Note: Detailed information about the several available Expansion Units can be obtained on the IBM Hardware Information Center at:
http://pic.dhe.ibm.com/infocenter/powersys/v3r1m5/index.jsp
2.3.7 Conclusions
First, the workload requirements must be known and should be established. Defining the required throughput on an initial installation is quite hard because usually you deal with several aspects that can make such analysis more difficult, but when expanding a system, that is data that can be very useful.
Starting at the choice of the proper machine type and model, all of the hardware characteristics should be carefully studied, deciding on adapter placement to obtain optimal results in accordance with the workload requirements. Even proper cabling has its importance.

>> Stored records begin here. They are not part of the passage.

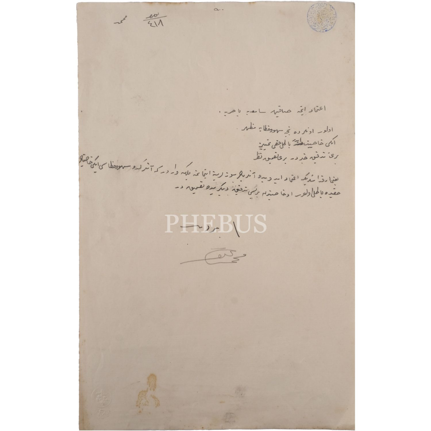 Mehmet Akif´in, Darülfünun Edebiyat Şubesi öğretmenliği görevindeyken "birdir" notuyla değerlendirdiği ve imzaladığı sınav kağıdı, 23x35 cm...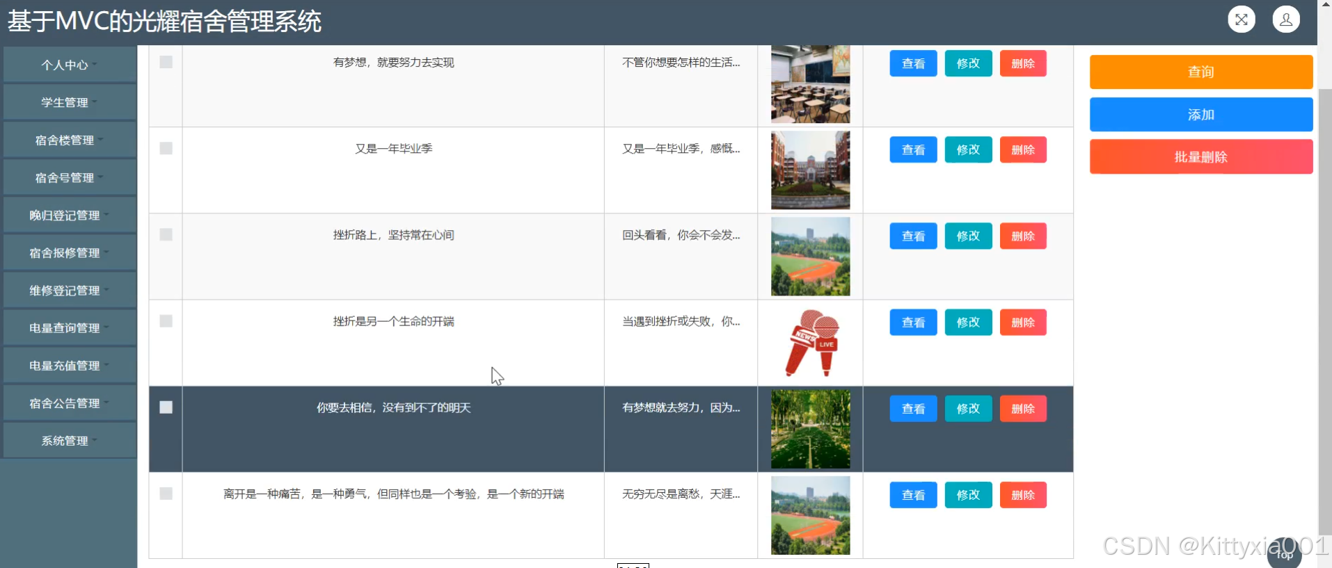 随着高校规模的不断扩大,宿舍管理成为学校日常运营中不可或缺的一环。传统的人工管理方式已难以满足高效、准确、便捷的管理需求。因此,开发一套基于MVC(Model-View-Controller)模式的光耀宿舍管理系统显得尤为重要。该系统旨在通过信息化手段,实现宿舍信息的集中管理、快速查询、智能分配及安全监控等功能,提升宿舍管理的效率和服务水平。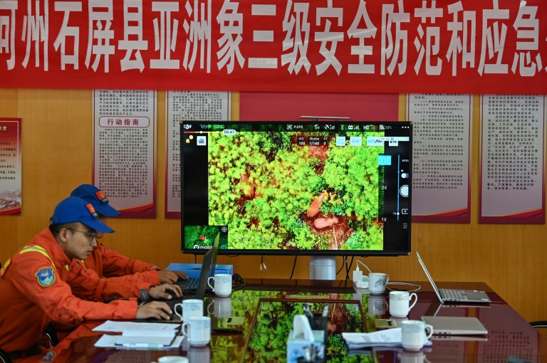 La cellule de crise éléphantesque a été formée en catastrophe en mai dernier alors que le troupeau s'approchait dangereusement de Kunming, la capitale provinciale, et de ses 4,5 millions d'habitants. Sur leurs traces, les surveillants dorment dans la nature, à la belle étoile ou dans leur voiture. Un beau matin de juillet, l'AFP a retrouvé leur éphémère QG dans un village, l'équipe observant sur un grand écran les premières images de drone diffusées par les collègues en première ligne.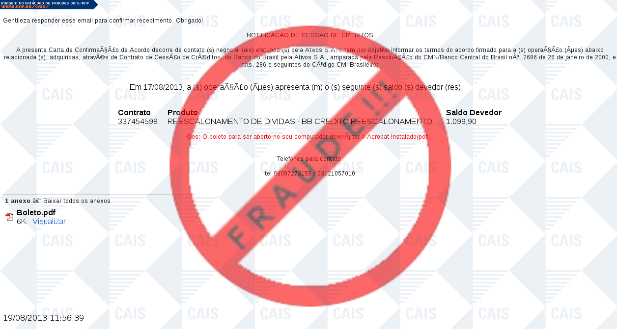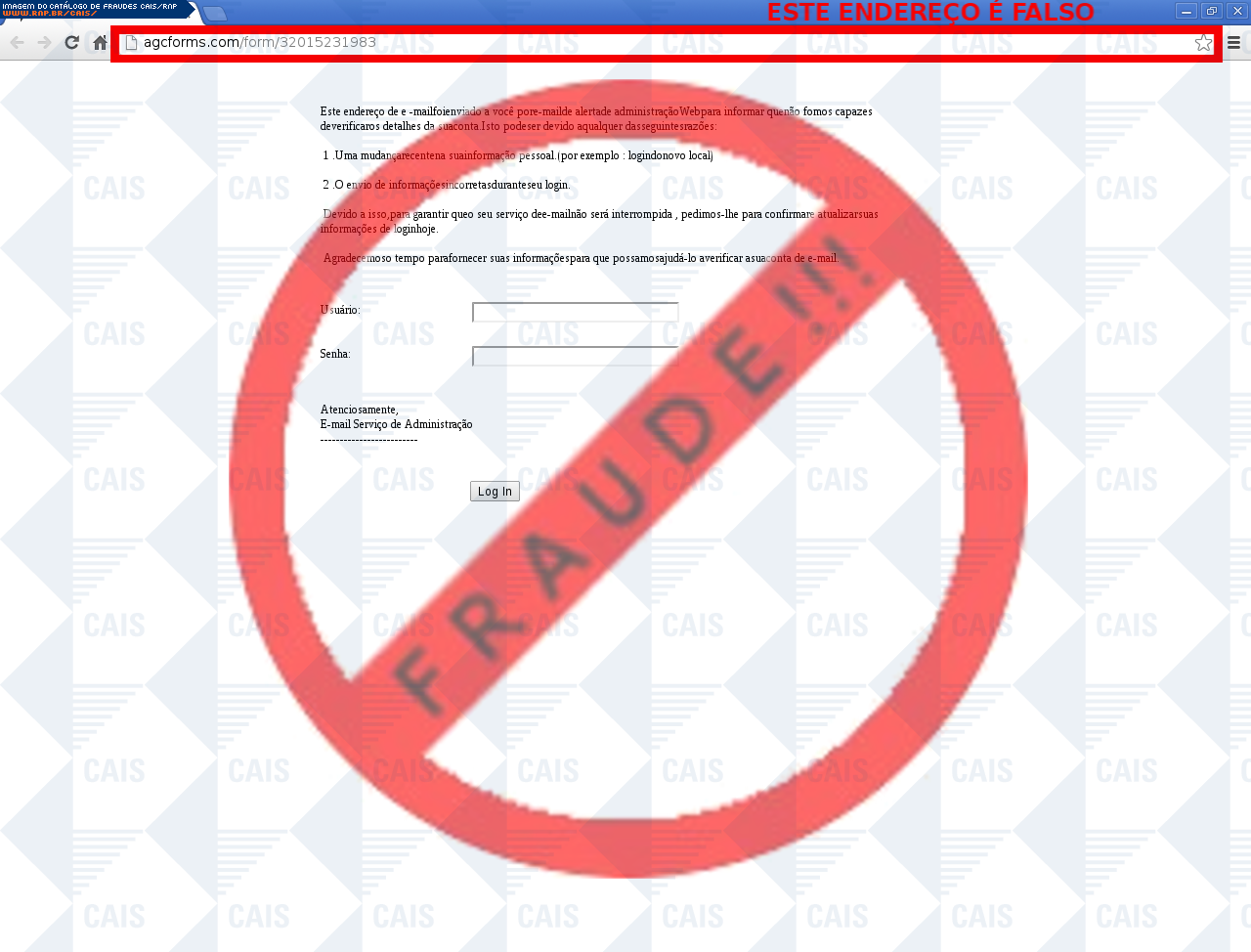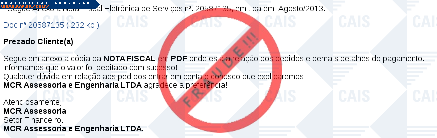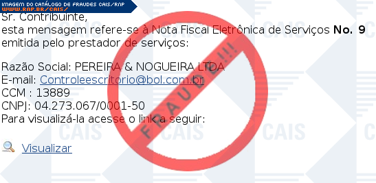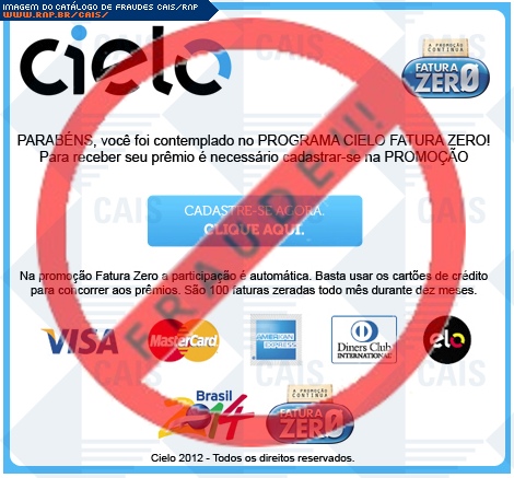 Esta página tem função informativa e educativa. Exibe uma coleção de imagens de phishing scam (fraudes eletrônicas) ou malware (código malicioso) veiculados por meio de spam (e-mail não-solicitado). Trata-se de conteúdo exemplificativo, não exaustivo, uma vez que não é possível contemplar todos os casos de fraudes existentes. Assim, caso você tenha conhecimento de um exemplar que não esteja aqui presente, isto não significa que não seja válido ou real. Inclusive incentivamos que você o envie para análise do CAIS para que, se for o caso, passe a integrar o nosso acervo.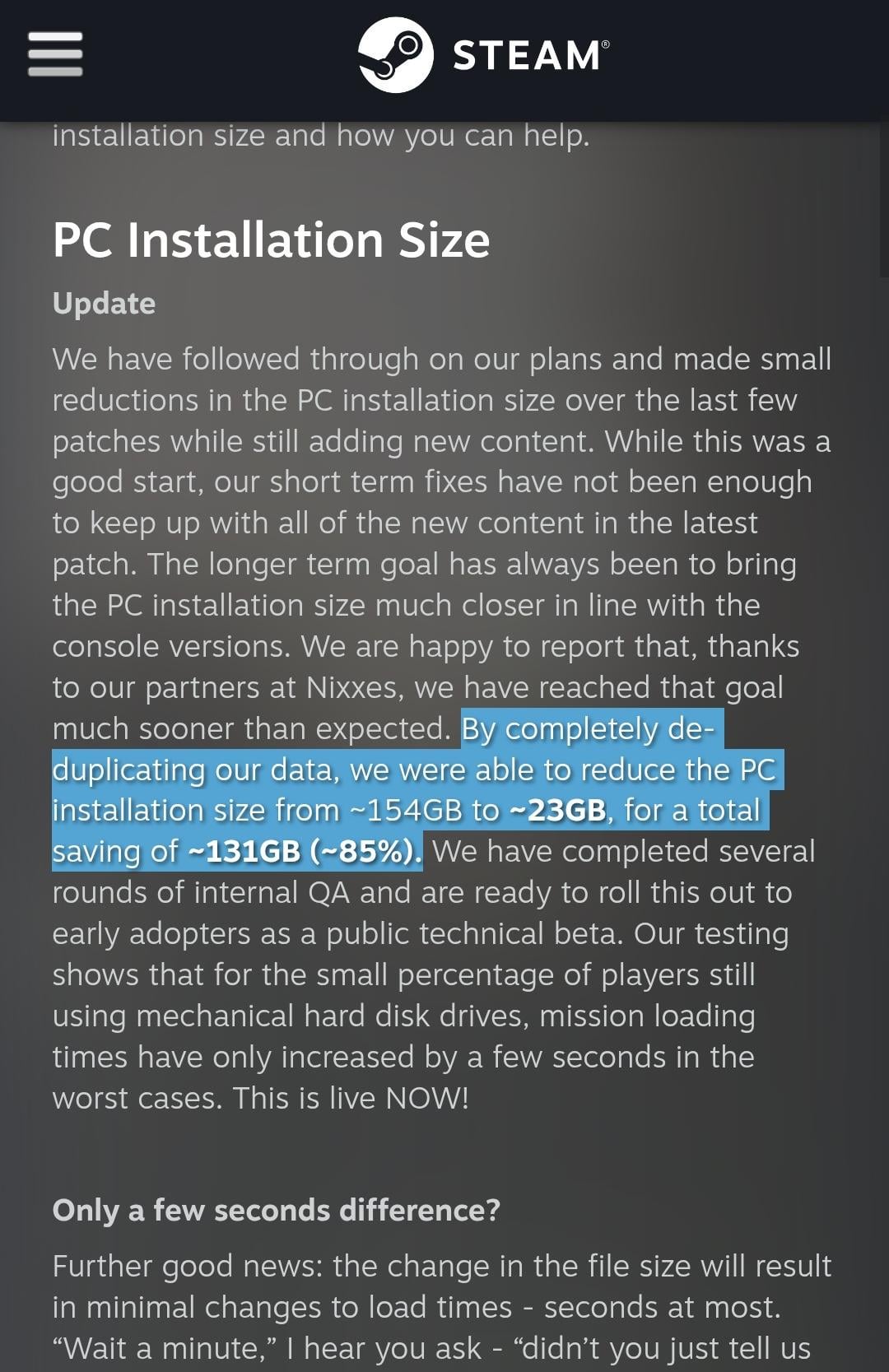 EDIT: Thanks to their teamwork with Nixxes, to reach this file storage optimization goal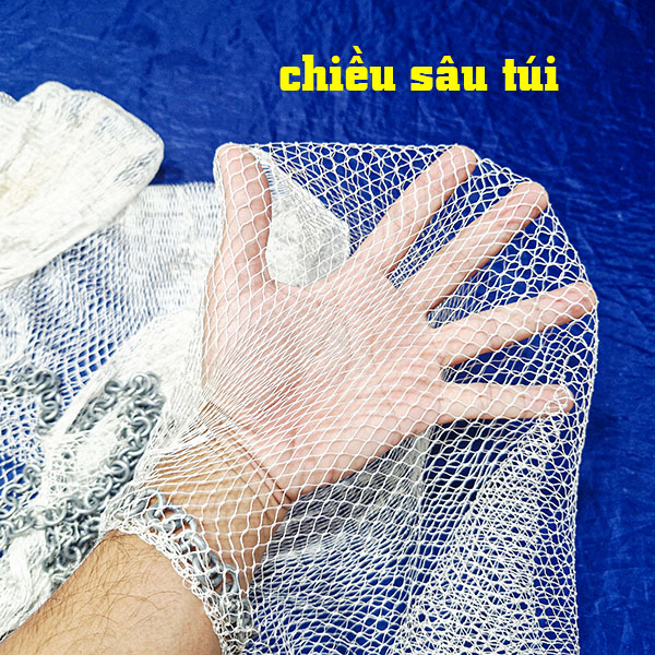 Độ sâu túi: 40cm (túi sâu giúp giữ cá cực tốt, không lo cá thoát ra ngoài khi kéo).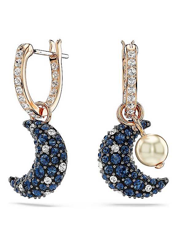 Since 1895, founder Daniel Swarovski's mastery of crystal cutting has defined the company. His enduring passion for innovation and design has made it the world's premier jewellery and accessory brand. Today, the family carries on the tradition of delivering extraordinary everyday style to women around the world. These radiant Luna earrings are a chic tribute to the reflections and shadows of the moon. The rose gold-tone plated design features an elegant pair of crescent moons, each embellished with a pave of crystals in dark tones. One earring holds a detachable pearl. A perfect choice, whatever phase of style you're in.Brand: Swarovski

At the time of partition deployment, assuming that the adapters have been distributed in the optimal way, assigning the correct slots to the partitions based on their physical placement is another important step to match the proper workload. Try to establish which partitions are more critical in regard to each component (processor, memory, disk, and network) and with that in mind plan their distribution and placement of resources.
 
Note: Detailed information about each machine type and further adapter placement documentation can be obtained in the Technical Overview and Introduction and PCI Adapter Placement documents, available on the IBM Hardware Information Center at:
http://pic.dhe.ibm.com/infocenter/powersys/v3r1m5/index.jsp
2.4 Continuous availability with CHARM
IBM continues to introduce new and advanced continuous Reliability, Availability, and Serviceability (RAS) functions in the IBM Power Systems to improve overall system availability. With advanced functions in fault resiliency, recovery, and redundancy design, the impact to the system from hardware failure has been significantly reduced.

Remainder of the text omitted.